In 1978, Jayaben Desai led 100 mainly South Asian women in a dispute against the Grunwick photo processing factory in Willesden, North London. Here’s how Jayaben became a heroine in trade union history.
From well-paid jobs in Africa to limited loo rights in London
Many Grunwick workers – Jayaben Desai among them – had been part of well-off South Asian communities in the British colonies of Tanzania, Kenya and Uganda. When those countries became independent, South Asians faced discrimination and many chose – or were forced – to leave. They arrived in England with few prospects and took whatever work they could find. Grunwick took advantage of this. Pay was low and so was management’s respect for the workers. They even had to ask for permission to use the toilet.
The strike leader reveals her roar
Mrs Desai made history by leading a walkout on 20 August 1976. According to MP Jack Dromey, Mrs Desai was a “lioness”. This description was probably inspired by what the 4’10” Mrs Desai had told 6ft Grunwick manager Malcom Alden: “What you are running here is not a factory, it is a zoo. In a zoo, there are many types of animals. Some are monkeys who dance on your fingertips, others are lions who can bite your head off.
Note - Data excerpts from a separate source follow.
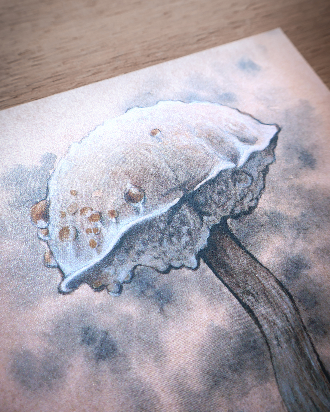 Pintado a mano con acuarelas y lápices de colores, e impreso sobre papel nacarado de 300 gr. Con el reflejo de la luz se aprecia el acabado brillante, que le da un toque mágico.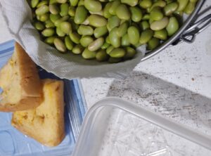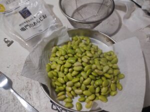 昨日の夕方水に浸しておいた秘伝豆をぐずぐずと10分煮たて
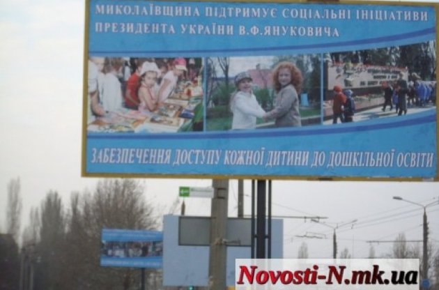 Оновлені плакати повинні свідчити про одностайну підтримку соціальних ініціатив глави держави на Миколаївщині, пише місцеве видання Novosti-N.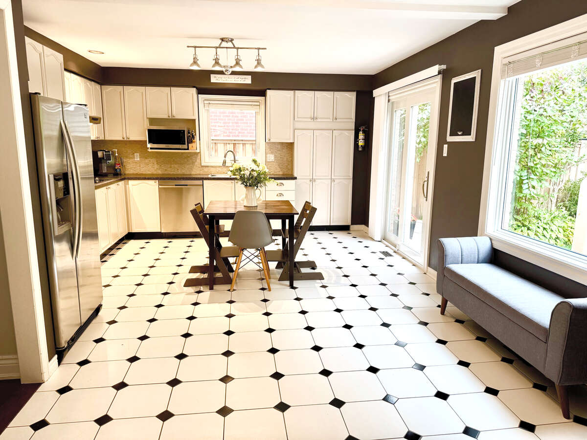 Large patio doors from both kitchen and dining areas allow seamless indoor-outdoor flow to the backyard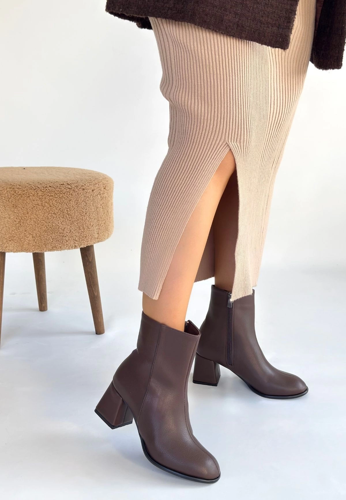 Tendy Kahverengi Cilt Topuklu Bot (Numara: 36)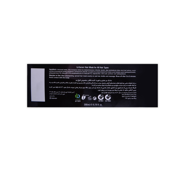پس از شستشوی مو با شامپو، مقدار مناسبی از ماسک مو را بر روی ساقه موی نم دار پخش نموده، ماساژ دهید و از تماس با ریشه مو و پوست سر پرهیز شود.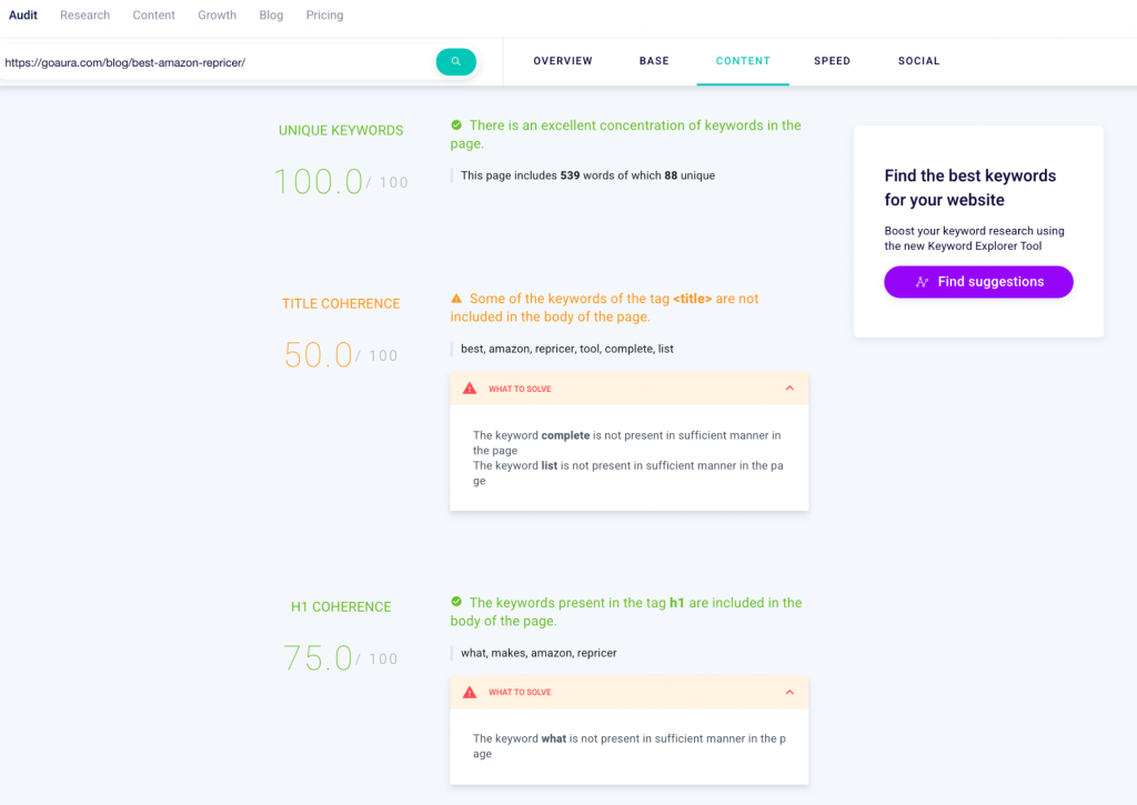 Une fois les pages en ligne, analysez le référencement du contenu et le référencement technique avec SEO Tester Online. Vous pouvez voir les performances globales de chaque page Web et comment améliorer le contenu.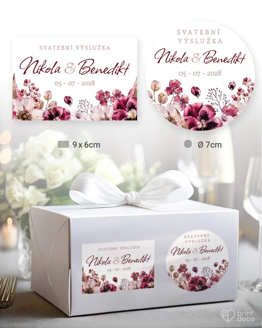 Svatební samolepky na výslužky pivoňky s šeříkem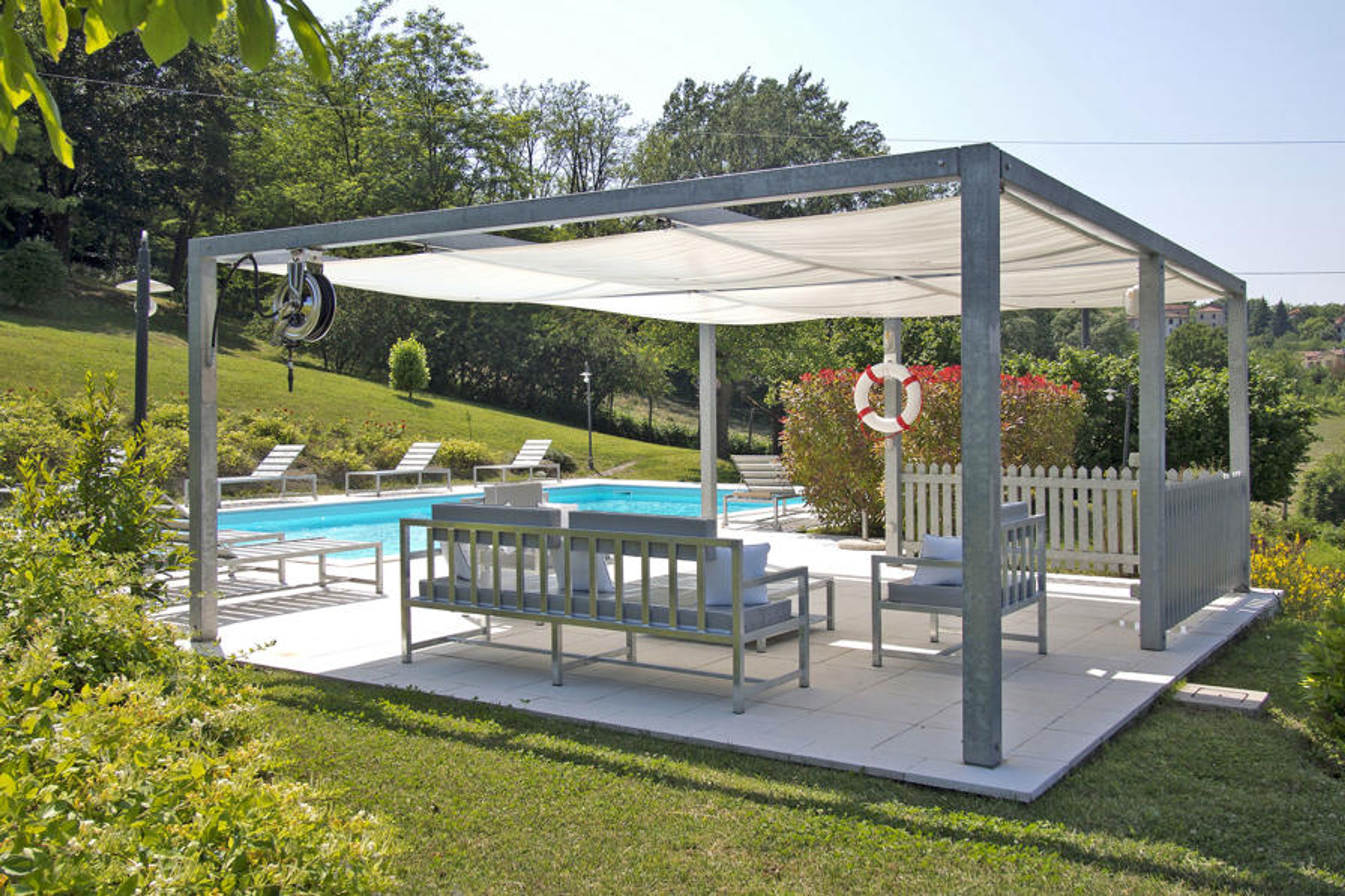 Historical manor house "Villa Sarezzano", built in 1930. 400 m from the centre of Sarezzano, 8 km from the centre of Tortona, 21 km from the centre of Alessandria, 75 km from the sea. Private: property 5'000 m2 (fenced), terraced garden with wildlife garden and trees, meadow, swimming pool (12 x 6 m, depth 110 - 130 cm, seasonal availability: 23.May. - 03.Oct.). Terrace, garden furniture, barbecue. In the house: hot tub, infrared sauna. Stepped path to the house. Parking (for 3 cars) on the premises. E-charging station. Shop 1 km, supermarket 6 km, bus stop 1.7 km, railway station "Tortona" 8 km. Golf course (18 hole) 18 km. The owner does not accept any youth groups.

We are those lions, Mr Manager.”
Mrs Desai and her fellow strikers joined APEX (the Association of Professional, Executive, Clerical and Computer Staff) and demanded that Grunwick recognise their union. Their bosses responded by sacking them.
Posties take the side of the lions…
Grunwick was a mail-order company, so bosses were furious when the Union of Post Office Workers boycotted their mail. Thanks to Mrs Desai’s dynamic leadership, support for the Grunwick strikers was huge – by June 1977 over 20,000 people were joining them on the streets of Willesden. Police presence was strong and increasingly aggressive.
…but Margaret Thatcher doesn’t
Apparently Thatcher, then opposition leader, called Grunwick boss George Ward “a champion of freedom”. A Labour government inquiry recommended that the Grunwick bosses should recognise the trade union and give the workers their jobs back. But Grunwick wouldn’t back down and the House of Lords upheld the company’s right not to recognise the union. With support faltering, the strike was called off on 14 July 1978.
The ‘strikers in saris’ changed the face of the British labour movement
Mrs Desai and the Grunwick strikers had shattered the stereotype of the subservient South Asian woman and brought thousands of people together to stand up for migrant workers. At the last strike meeting, Mrs Desai urged her comrades to feel proud. “We have shown,” she said, “that workers like us, new to these shores, will never accept being treated without dignity or respect.”